July 21, 2022
An Exhibition at Manhattan’s Drawing Center Cultivates a Gloriously Unruly History of Ornament
Adapted from Owen Jones’ 1856 design opus The Grammar of Ornament, the show’s title revives a history of ornament as theorized by European architects in the second half of the 19th century. Occupied with orders and principles, these texts mobilized visual comparisons of adornment to advance arguments on cultural differences. Moving beyond a methodology governed by rules and categories was paramount for Dr. King; commenting on the scope of the exhibition, she remarked, “this idea that you make it more inclusive, but still keep that structure, it just seemed completely untenable.”
Like its predecessors, The Clamor of Ornament remains concerned with the social aspects of design, but it presents the material with explicit aims to do away with hierarchies and unsettle presumptions around ownership and taste. The curatorial and design team employs numerous strategies: saturated and wallpapered walls undermine the so-called neutral context of the white cube while merrily enhancing the space; works by the same maker reappear in multiple contexts; narratives of cultural exchange and collisions underpin groupings of objects.
The exhibition tackles power imbalances, exclusions, and erasures with refreshing specificity. A cluster of alluring illustrations produced for the Index of American Design (1935-1942) features an outlier: a screenprint by Louie Ewing of a Navajo blanket from the same period was produced independently; as the wall text explains, this government-funded index excluded indigenous designs despite aims to establish a comprehensive catalog of craft idioms and objects across the United States. Other moments redefine the terms of cultural heritage: a description accompanying lush floral patterns by British Arts & Crafts Movement designers relocates this regional design campaign amid international influence from Islamic and Asian iconography found on objects acquired during colonial trade. More contemporary highlights include a section detailing Dapper Dan’s appropriation of luxury goods logos alongside Wendy Red Star’s annotated photographs describing the cultural significance of bodily ornament sported by Native leaders.
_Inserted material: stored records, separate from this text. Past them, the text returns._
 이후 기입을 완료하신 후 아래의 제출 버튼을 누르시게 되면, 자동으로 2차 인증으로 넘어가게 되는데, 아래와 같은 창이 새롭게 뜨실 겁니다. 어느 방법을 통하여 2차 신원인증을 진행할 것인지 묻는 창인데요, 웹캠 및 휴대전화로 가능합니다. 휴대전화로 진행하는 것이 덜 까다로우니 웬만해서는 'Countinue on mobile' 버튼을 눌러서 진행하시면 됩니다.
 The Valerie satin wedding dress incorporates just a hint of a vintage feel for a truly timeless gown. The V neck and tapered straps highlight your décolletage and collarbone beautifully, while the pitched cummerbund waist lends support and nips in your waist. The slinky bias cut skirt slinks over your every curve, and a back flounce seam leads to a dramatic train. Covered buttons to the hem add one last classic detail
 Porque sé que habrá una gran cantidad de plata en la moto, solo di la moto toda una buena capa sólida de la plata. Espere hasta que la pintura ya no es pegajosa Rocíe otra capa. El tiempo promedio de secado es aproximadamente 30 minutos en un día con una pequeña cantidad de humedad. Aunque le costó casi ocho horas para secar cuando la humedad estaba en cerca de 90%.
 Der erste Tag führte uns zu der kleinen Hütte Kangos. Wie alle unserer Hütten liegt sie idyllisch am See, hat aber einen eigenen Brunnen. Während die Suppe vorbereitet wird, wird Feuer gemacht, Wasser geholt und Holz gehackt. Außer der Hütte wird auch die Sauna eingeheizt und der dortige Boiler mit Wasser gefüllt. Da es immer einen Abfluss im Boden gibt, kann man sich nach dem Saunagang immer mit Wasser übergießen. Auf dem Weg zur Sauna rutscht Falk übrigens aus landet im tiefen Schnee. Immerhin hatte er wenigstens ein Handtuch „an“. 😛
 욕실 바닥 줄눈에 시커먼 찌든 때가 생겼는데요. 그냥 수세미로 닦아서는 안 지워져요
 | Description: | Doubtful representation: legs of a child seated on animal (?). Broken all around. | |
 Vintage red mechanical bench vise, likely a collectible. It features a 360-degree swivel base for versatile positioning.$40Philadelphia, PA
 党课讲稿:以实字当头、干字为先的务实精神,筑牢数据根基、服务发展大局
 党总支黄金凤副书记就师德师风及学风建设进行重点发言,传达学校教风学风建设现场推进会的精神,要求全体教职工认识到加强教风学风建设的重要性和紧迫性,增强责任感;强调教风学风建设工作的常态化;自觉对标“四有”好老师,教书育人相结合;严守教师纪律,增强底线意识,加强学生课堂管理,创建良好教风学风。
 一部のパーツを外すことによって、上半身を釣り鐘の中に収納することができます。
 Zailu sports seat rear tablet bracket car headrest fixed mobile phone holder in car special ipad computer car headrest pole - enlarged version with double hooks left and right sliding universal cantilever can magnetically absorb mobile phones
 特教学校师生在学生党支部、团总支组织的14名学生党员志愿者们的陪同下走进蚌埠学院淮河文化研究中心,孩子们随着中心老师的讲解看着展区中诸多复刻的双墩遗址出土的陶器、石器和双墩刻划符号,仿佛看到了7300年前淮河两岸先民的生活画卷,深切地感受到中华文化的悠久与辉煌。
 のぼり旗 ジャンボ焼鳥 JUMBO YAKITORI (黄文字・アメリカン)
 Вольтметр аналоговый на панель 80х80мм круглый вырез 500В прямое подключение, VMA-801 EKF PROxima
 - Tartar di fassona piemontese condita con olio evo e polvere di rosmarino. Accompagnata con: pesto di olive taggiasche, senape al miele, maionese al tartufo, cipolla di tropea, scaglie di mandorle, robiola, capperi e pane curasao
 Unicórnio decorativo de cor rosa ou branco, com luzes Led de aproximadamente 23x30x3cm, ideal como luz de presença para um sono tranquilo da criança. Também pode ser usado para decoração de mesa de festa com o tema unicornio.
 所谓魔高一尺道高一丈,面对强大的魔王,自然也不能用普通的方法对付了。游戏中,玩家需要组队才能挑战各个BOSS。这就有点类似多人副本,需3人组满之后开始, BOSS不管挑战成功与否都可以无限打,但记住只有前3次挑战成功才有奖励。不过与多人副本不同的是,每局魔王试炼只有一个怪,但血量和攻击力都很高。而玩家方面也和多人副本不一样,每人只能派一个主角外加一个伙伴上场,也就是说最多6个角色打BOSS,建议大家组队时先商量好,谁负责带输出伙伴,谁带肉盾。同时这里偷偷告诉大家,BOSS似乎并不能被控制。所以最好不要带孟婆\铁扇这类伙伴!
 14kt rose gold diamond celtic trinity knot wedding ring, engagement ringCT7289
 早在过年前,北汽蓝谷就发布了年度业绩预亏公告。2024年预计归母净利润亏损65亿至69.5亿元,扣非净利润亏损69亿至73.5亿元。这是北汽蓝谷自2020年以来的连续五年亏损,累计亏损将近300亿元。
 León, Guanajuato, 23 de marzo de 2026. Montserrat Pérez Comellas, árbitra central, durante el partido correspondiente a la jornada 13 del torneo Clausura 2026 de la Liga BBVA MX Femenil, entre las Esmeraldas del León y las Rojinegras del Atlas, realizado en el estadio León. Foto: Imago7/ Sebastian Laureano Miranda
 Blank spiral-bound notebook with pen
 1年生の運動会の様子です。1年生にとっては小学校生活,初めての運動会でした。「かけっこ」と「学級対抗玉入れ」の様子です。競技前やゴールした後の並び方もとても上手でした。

For all this range, Dr. King acknowledges that gaps were unavoidable; however, as she explained, “It’s not about being definitive, it’s about creating a way of seeing the world that expands.” This expansive view extends to the exhibition programming. Notably, “Sweet Series,” a trio of lectures by artist and baker Edward Cabral, unpacks the enduring affinities between decoration and dessert. Cabral, who specializes in a traditional cake icing method called English overpiping, was impressed that the Drawing Center was up to tackling the not-so-sweet side of the culinary arts, namely the abuses of the sugar trade. Mirroring the ethos of the exhibition, which finds relevance and revelations in the patterns of the past, Cabral observed, “That’s why I move so far back, because for me, that becomes a means to move far ahead.”